On Tuesday, February 21, 2023, the National Labor Relations Board (the “Board”) ruled that broad confidentiality and non-disparagement provisions contained in severance agreements are invalid. The ruling applies to private employers covered by the National Labor Relations Act (the “NLRA”). It is effective immediately. Therefore, employers who continue to use broad confidentiality and non-disparagement provisions are at risk of defending a claim that asserts an unfair labor practice.
In the ruling, McLaren Macomb (which can be found here: https://www.nlrb.gov/case/07-CA-263041), the Board reviewed terms that prevented an employee from disclosing terms of the severance agreement to any third party and from making other statements that may disparage the employer.
The Board held said provisions were invalid because, in part, they (i) restrict an employee’s ability to bring a claim under Section 7 of the NLRA; (ii) were not limited to the employee’s relationship with the employer nor in time; and (iii) “disparagement” was not defined as required by the Supreme Court of the United States.

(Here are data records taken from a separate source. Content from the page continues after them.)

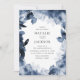 Elegantes convites para casamento floral que contêm os detalhes do seu casamento cercados por flores de abstrato d'água e folhas em tons de azul-índigo vibrante. Projetado para coordenar com a nossa coleção de casamentos de Indigo Floral Abstrato.
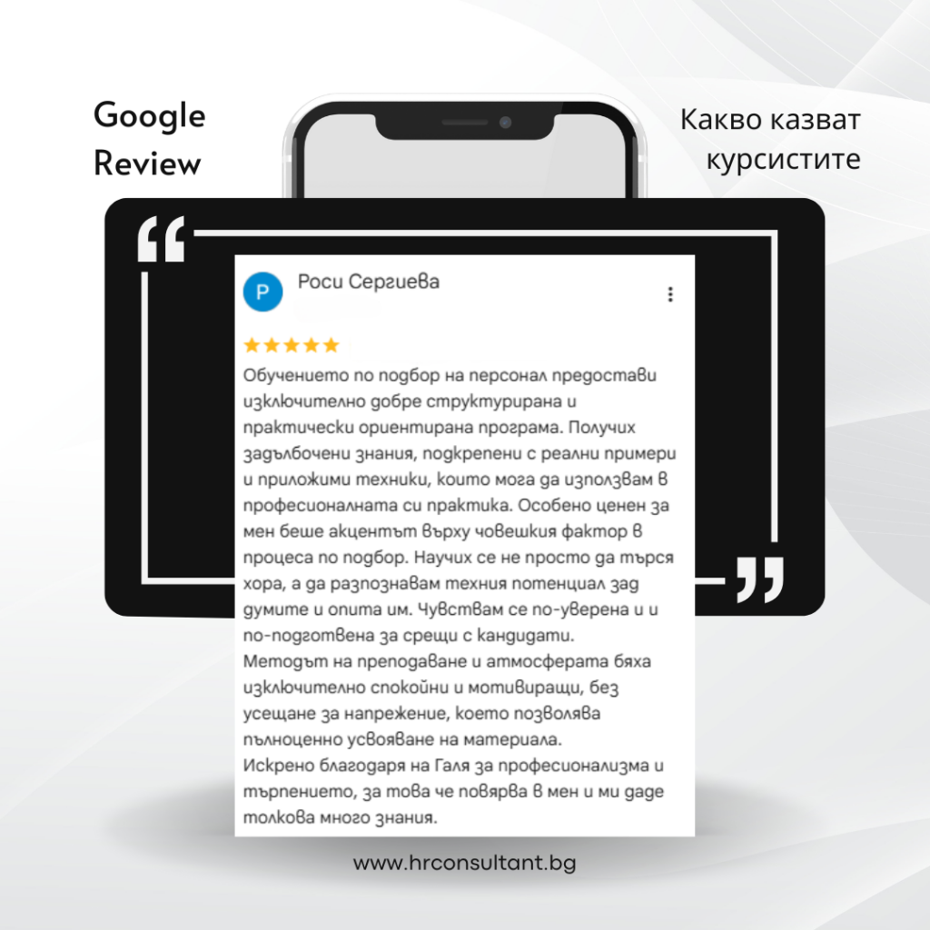 За всеки HR професионалист, който иска да напредва в кариерата си в областта на подбора на персонал, инвестирането в специализирани обучения и развитието на ключови умения за наемане не е просто логична стъпка, а стратегическа необходимост за постигане на професионален успех и конкурентоспособност.
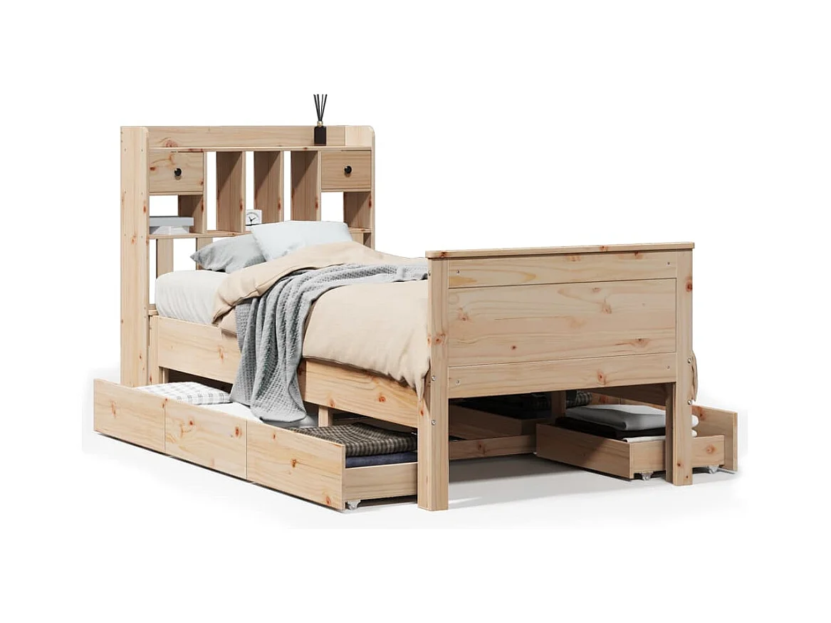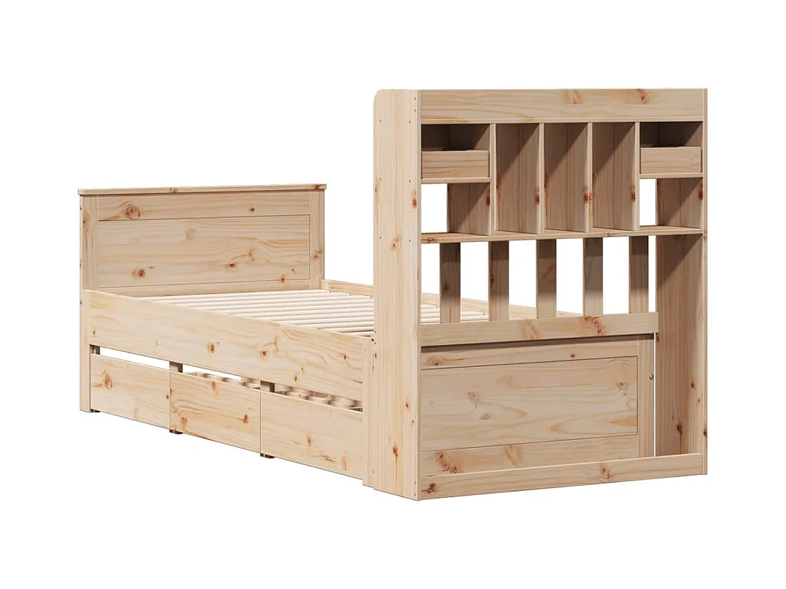 Lit bibliothèque sans matelas 75x190 cm bois de pin massif

The ruling may be appealed. In the meantime, employers must revise their severance agreements accordingly. This does not mean employers must delete all aspects of provisions regarding non-disparagement and confidentiality. The former must be narrowly tailored and defined in accordance with the law. The latter may still protect certain information such as trade secrets. Also, be sure to include a severability provision. It may save a severance agreement from being deemed invalid based on the recent ruling.
The information contained in this document does not constitute legal advice.